Opinion ID: 169088
Heading Depth: 2
Heading Rank: 2

Heading: Affirmative-Bargaining Order

Text: 18 In Mimbres II, Administrative Law Judge Lana Parke affirmatively directed CHS to bargain with the union. CHS protests the order as an abuse of the Board's authority under the Act. The company urges this Court to craft a new standard of review for affirmative bargaining orders that would apply only when the employer questions the majority status of the union. In other words, CHS asks us to write a new standard to govern this case. We decline. As we have said time and again, we will afford substantial deference to the NLRB's selection of an appropriate remedy. MJ Metal Products, Inc. v. N.L.R.B., 267 F.3d 1059, 1067 (10th Cir.2001) (citing N.L.R.B. v. Gissel Packing Co., 395 U.S. 575, 612 n. 32, 89 S.Ct. 1918, 23 L.Ed.2d 547 (1969)). Because a remedial bargaining order involves mixed questions of law and fact, we review it for abuse of discretion.

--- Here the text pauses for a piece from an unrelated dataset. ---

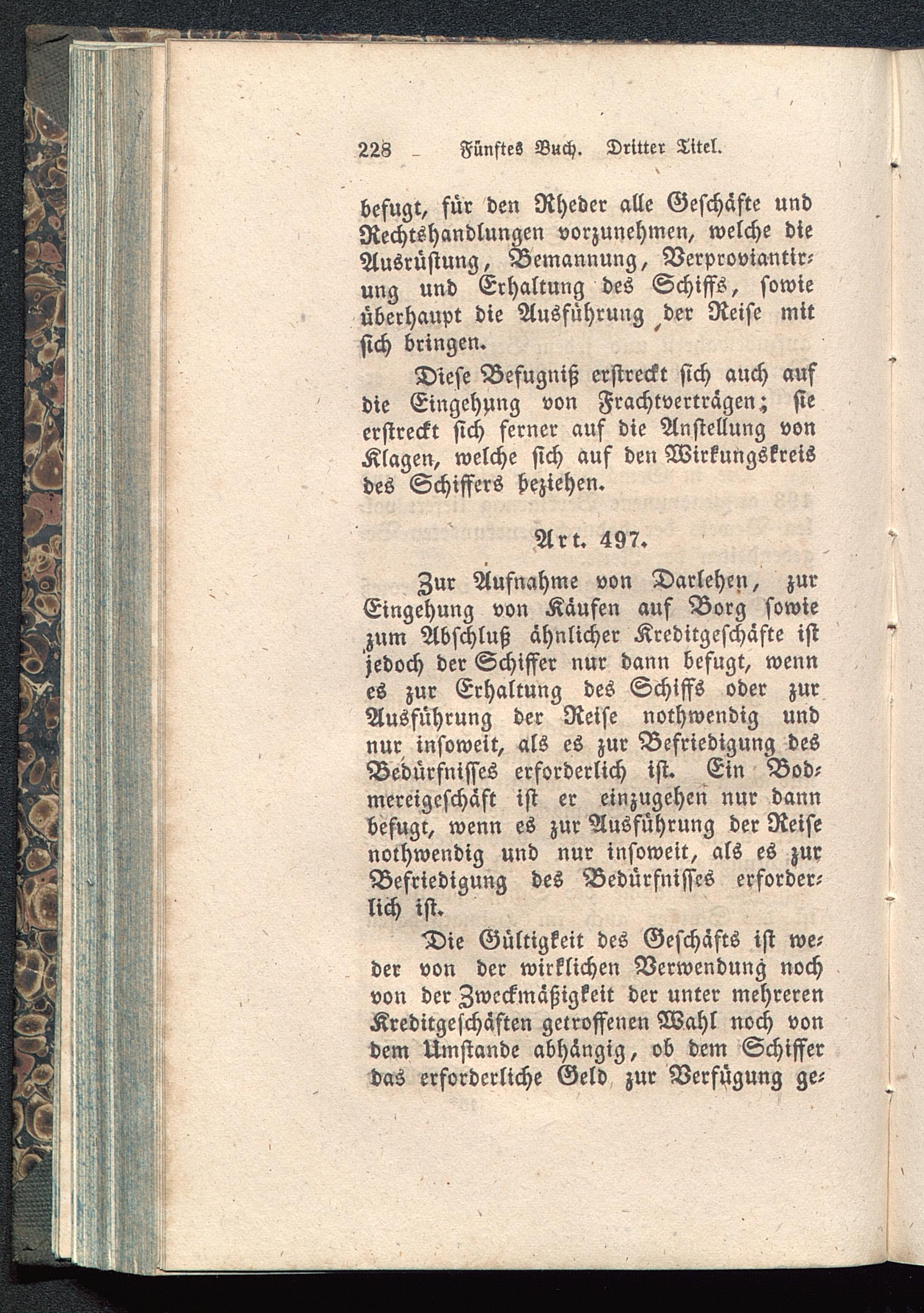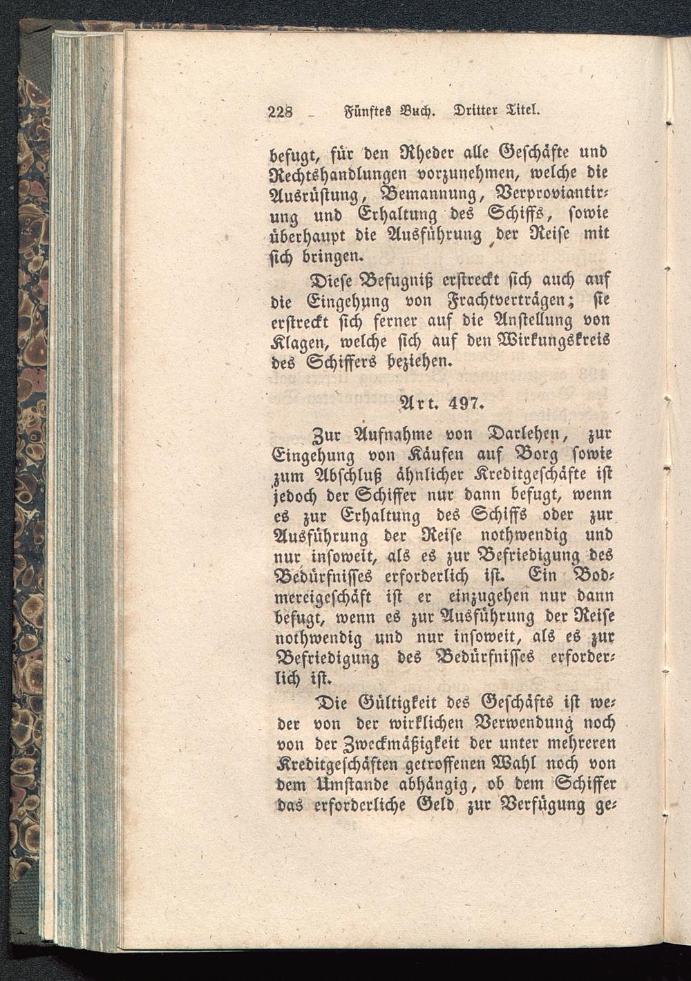 Zur Aufnahme von Darlehen, zurEingehung von Kaufen auf Borg sowiezum Abschluß ahnlicher Kreditgeschäfte istjedoch der Schiffer nur dann befugt, wennes zur Erhaltung des Schiffs oder zurAusführung der Reise nothwendig undnur insoweit, als es zur Befriedigung desBedürfnisses erforderlich ist. Ein Bod-mereigeschäft ist er einzugehen nur dannbefugr, wenn es zur Ausführung der Reisenothwendig und nur insoweit, als es zuxBefriedigung des Bedürfnisses erforder-lich ist.
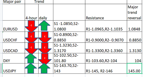 FxWirePro- Major Pair levels and bias summary

Id. at 1065. 19 The Supreme Court has recognized that an affirmative bargaining order is an appropriate response to a company's repeated refusal to negotiate. Franks Bros. Co. v. N.L.R.B., 321 U.S. 702, 704-06, 64 S.Ct. 817, 88 L.Ed. 1020 (1944); N.L.R.B. v. P. Lorillard Co., 314 U.S. 512, 513, 62 S.Ct. 397, 86 L.Ed. 380 (1942) (per curiam). The Board in Mimbres II found that CHS repeatedly refused to negotiate or to cease making unilateral employment policy changes. We are aware that the District of Columbia Circuit requires the Board to adopt additional findings to support a remedial bargaining order. Vincent Indus. Plastics, Inc. v. NLRB, 209 F.3d 727, 738 (D.C.Cir.2000). Even were we to endorse that circuit's rule, we would find it satisfied here. The Mimbres II Board carefully weighed the three factors enunciated by the D.C. Circuit in Vincent —the employees' rights, the purposes of the Act, and the viability of alternative remedies— and demonstrated why an affirmative bargaining order is appropriate under each. In view of this explanation and having held that the Board's findings in Mimbres II were supported by substantial evidence, we conclude that the Board's decision to issue a remedial bargaining order did not constitute an abuse of discretion.